**TASK REQUIREMENTS**.
Only one span of the material below is wanted. Output it exactly, from the line with "Neste ambiente, podemos" through the line with "2月25日,中国队选手马龙在第三盘比赛中,他3比1战胜法国队选手西蒙·高兹。新华社记者 陶希夷 摄", without any pictures.

**RECORDS SUPPLIED**.
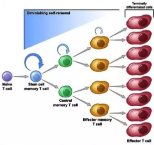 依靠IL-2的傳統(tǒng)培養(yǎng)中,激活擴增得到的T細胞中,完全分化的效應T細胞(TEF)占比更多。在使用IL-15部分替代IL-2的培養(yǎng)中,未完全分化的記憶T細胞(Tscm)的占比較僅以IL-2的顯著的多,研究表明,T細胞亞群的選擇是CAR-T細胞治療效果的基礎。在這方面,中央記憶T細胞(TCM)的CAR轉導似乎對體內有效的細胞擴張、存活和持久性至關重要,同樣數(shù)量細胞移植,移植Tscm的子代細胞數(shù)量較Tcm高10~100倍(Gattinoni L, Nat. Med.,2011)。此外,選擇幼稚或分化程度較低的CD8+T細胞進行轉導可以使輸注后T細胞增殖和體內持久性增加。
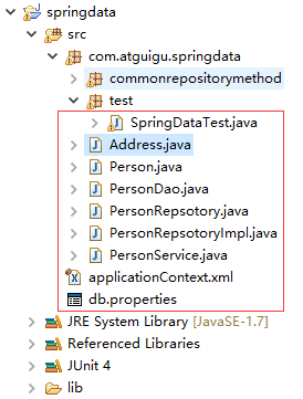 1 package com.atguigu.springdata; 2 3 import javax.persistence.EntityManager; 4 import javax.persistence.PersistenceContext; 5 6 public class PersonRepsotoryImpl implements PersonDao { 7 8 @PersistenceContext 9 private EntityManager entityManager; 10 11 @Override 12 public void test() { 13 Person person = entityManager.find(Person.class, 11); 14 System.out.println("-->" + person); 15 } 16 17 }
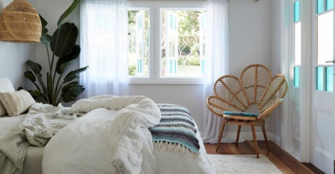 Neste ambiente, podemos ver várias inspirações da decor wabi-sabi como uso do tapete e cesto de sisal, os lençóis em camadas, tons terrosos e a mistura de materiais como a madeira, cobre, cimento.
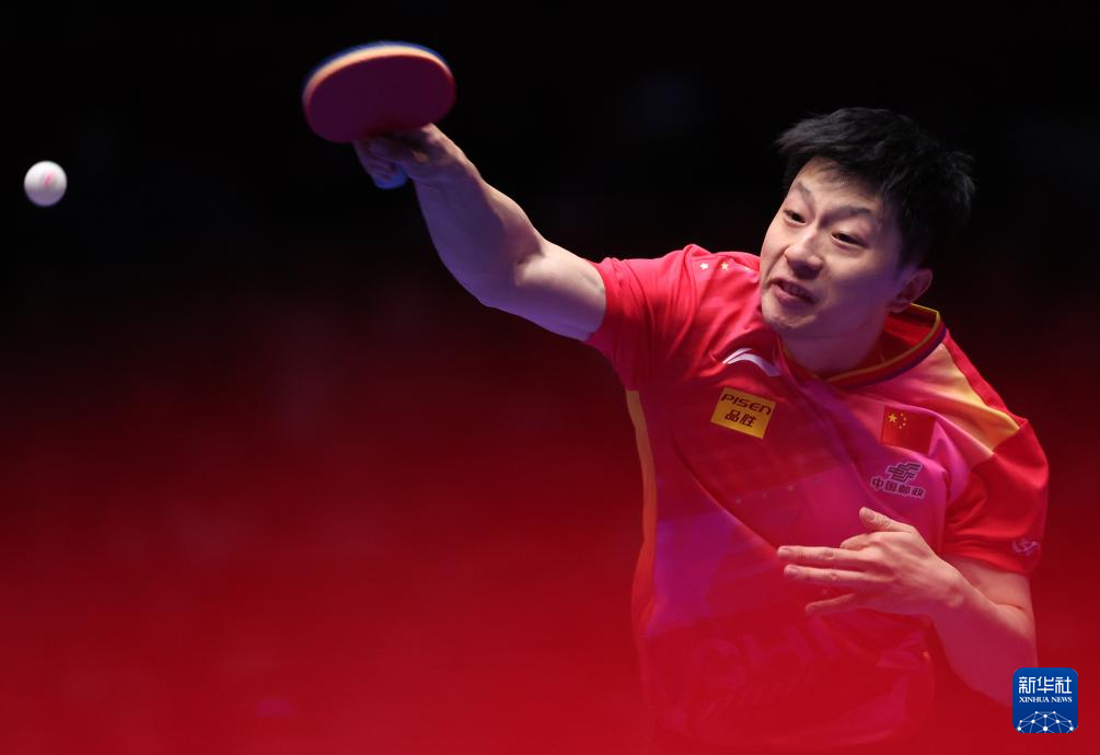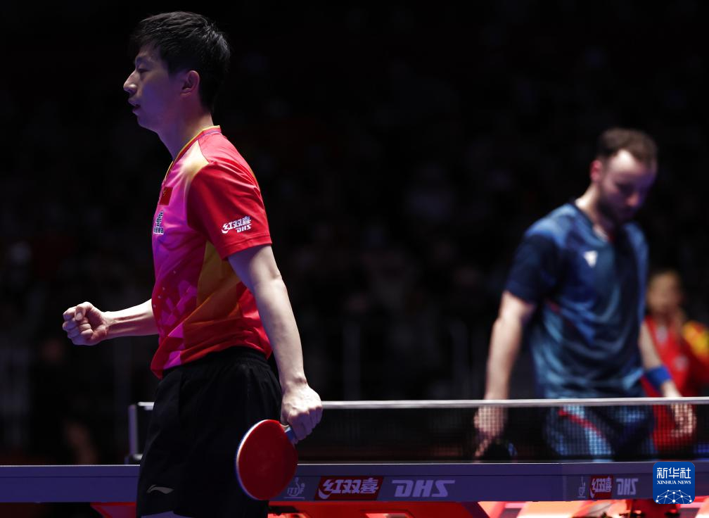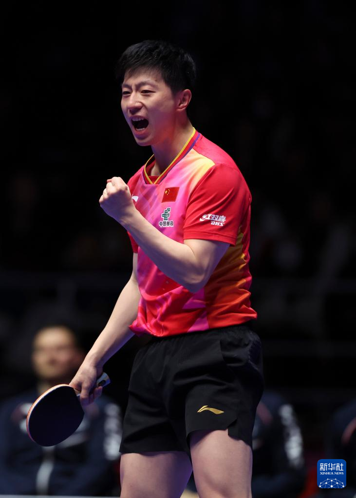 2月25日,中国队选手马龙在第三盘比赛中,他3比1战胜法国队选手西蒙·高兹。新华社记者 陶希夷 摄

--

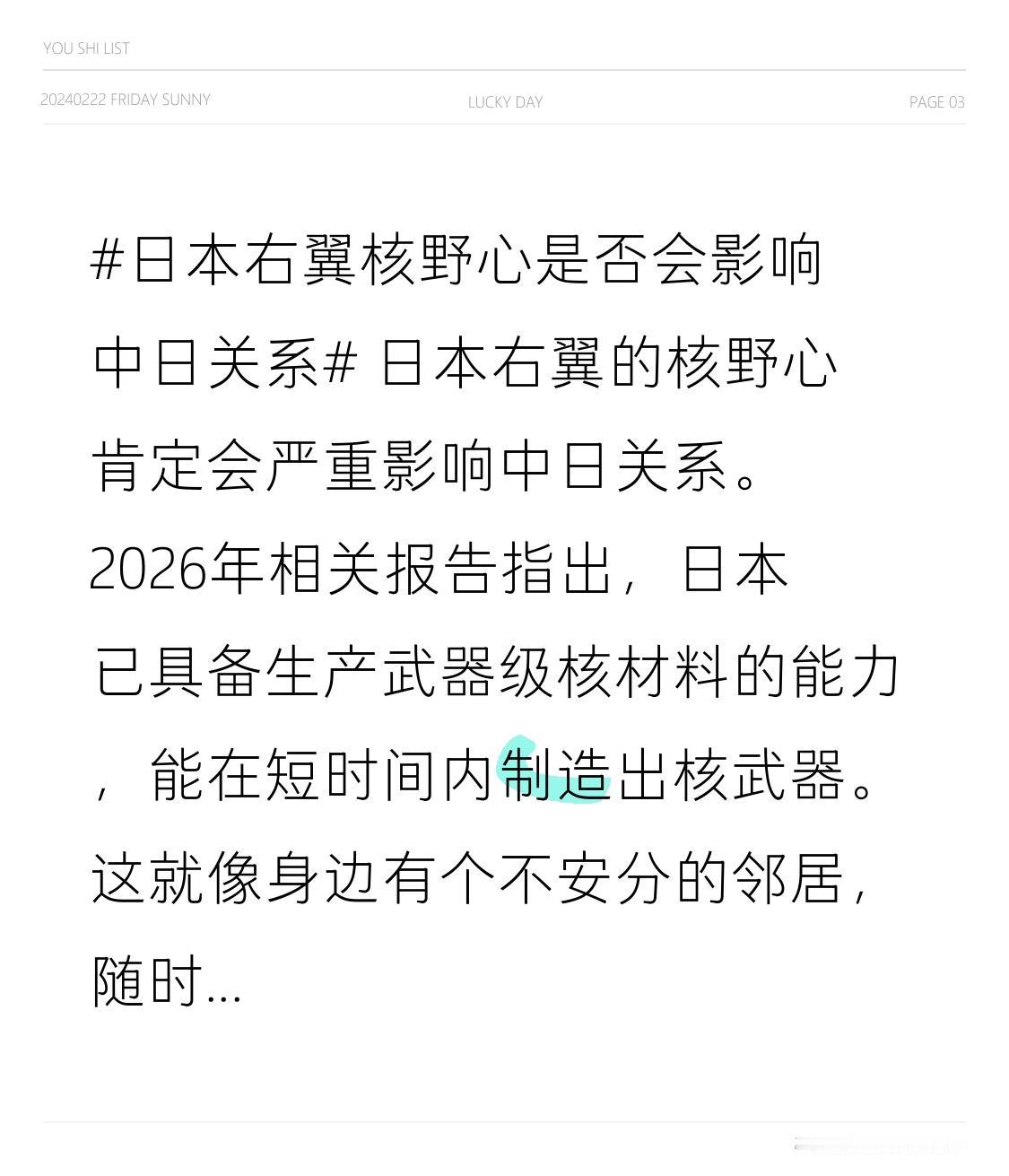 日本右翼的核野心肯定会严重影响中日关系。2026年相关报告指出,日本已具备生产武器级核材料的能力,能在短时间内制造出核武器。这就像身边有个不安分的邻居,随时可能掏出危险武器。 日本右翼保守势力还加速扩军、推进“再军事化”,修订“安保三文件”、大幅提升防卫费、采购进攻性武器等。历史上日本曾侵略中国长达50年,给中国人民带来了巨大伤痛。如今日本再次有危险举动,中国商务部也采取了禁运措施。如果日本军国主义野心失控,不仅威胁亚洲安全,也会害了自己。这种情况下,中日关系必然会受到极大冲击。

**EXERCISE ANSWER**.
 Neste ambiente, podemos ver várias inspirações da decor wabi-sabi como uso do tapete e cesto de sisal, os lençóis em camadas, tons terrosos e a mistura de materiais como a madeira, cobre, cimento.
 2月25日,中国队选手马龙在第三盘比赛中,他3比1战胜法国队选手西蒙·高兹。新华社记者 陶希夷 摄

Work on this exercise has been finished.